Revenue from the Hong Kong Segment was primarily derived from reinsurance commission on sales of insurance products from other insurers to Taiwan Life Insurance Co., Ltd. (“Taiwan Life”) for risk management. Decrease in revenue were due to the termination of reinsurance agreements.
Cost of revenue and gross profit
The cost of revenue mainly consists of commissions paid to our sales professionals. The cost of revenue for the nine months ended September 30, 2021 decreased by $3.7 million, to $59.6 million compared to $63.3 million for the nine months ended September 30, 2020. Decrease in the cost of revenue was due to the impact of the outbreak of COVID-19 in Taiwan, resulting in a drop in first year commissions. Related commission cost has also decreased correspondingly.

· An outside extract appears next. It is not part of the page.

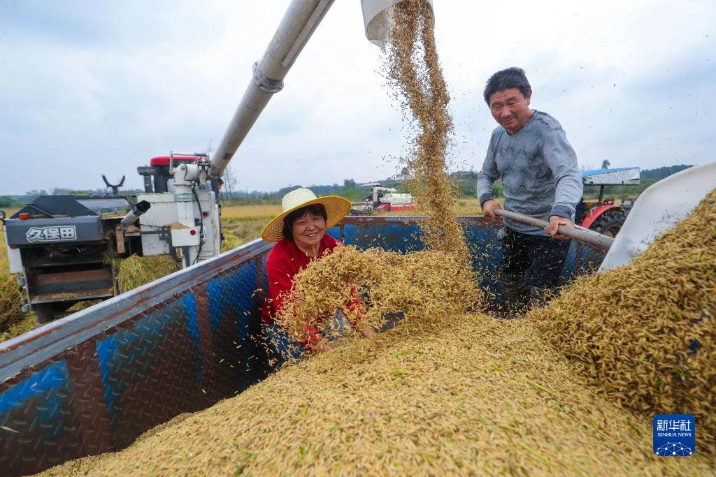 10月4日,在河南省信陽市光山縣羅陳鄉張樓村,一家合作社社員搶收水稻。

Consequently, the gross profit margin increased from 30.6% for the nine months ended September 30, 2020 to 37.4% for the nine months ended September 30, 2021.
Selling expenses
Selling expenses were mainly incurred by Law Broker and Uniwill in connection with online marketing and advertising. For the nine months ended September 30, 2021, selling expenses were $1.1 million, reflecting a decrease of $0.7 million, compared with $1.8 million for the nine months ended September 30, 2020. Decrease in the selling expenses was caused by the adverse impact from the outbreak of COVID-19 in Taiwan that restricted marketing activities for the nine months ended September 30, 2021 compared to the same period of 2020.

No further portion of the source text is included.